To carry the “splitter” story further, much DES is associated with surgery, whether in the surgery suite or office based including intravitreal injections. Every patient undergoing a surgical procedure deserves to be screened for DES. In patients who have ocular discomfort and corneal staining, or “pain and stain,” ocular surface preparation before surgery will enhance post-procedural comfort and visual recovery. In addition, during the procedure, a surgeon can take extra care to protect the ocular surface. It is also important to provide postoperative therapy to rehabilitate the ocular surface.

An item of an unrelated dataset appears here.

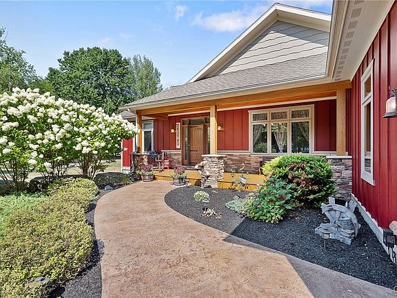 Welcome to 9406 Bear Springs Road, a stunning 4,864 sq. ft. custom-built ranch crafted in 2015, offering the perfect blend of rustic elegance and modern comfort. This open-concept masterpiece features dramatic vaulted ceilings, rich woodwork, barnwood accents, and elegant crown molding, creating a warm yet sophisticated atmosphere throughout. The gourmet kitchen is a chef’s dream with abundant cabinetry, granite countertops, a spacious walk-in pantry, and a seamless flow into the living area, anchored by a central stone-hearth gas fireplace. Oversized windows and an 8' sliding glass door with transom bathe the home in natural light, while custom barn doors add distinctive charm. The finished walkout lower level expands your living space with a gas fireplace, luxury vinyl flooring, a full bath, and versatile areas perfect for a bar, home theater, gym, or office. Outdoors, enjoy professionally landscaped grounds, a stained front porch with stone and wood detailing, and a stamped concrete patio featuring a full outdoor kitchen with natural gas grill and running water—ideal for entertaining. A detached 36’x56’ insulated pole barn with gas, electric, and water offers endless possibilities, from a workshop or car collection to a potential in-law suite. Additional highlights include a whole-house generator, walking trails, hunting opportunities, and an attached 2-car garage with fresh finishes and epoxy flooring. Public water, natural gas, and thoughtful updates inside and out ensure comfort and convenience year-round. This property is more than a home—it’s a private sanctuary designed for exceptional living.

Finally, these patients deserve to be under an ECP’s care long term to maintain their ocular surface health. I call this subcategory of DES “surgery-associated dry eye syndrome.” Others have named it “surgical transient ocular discomfort syndrome.” Under either name, it is an important subcategory of DES and deserves preoperative diagnosis with appropriate ocular surface preparation, intraoperative ocular surface protection, and postoperative ocular surface rehabilitation with lifelong maintenance therapy.
Every year we have better DES diagnostics and therapeutics with more to come. We and our patients are fortunate that OSD diagnosis and therapy are well supported by investment of human and financial capital to the benefit of every ECP and their patients.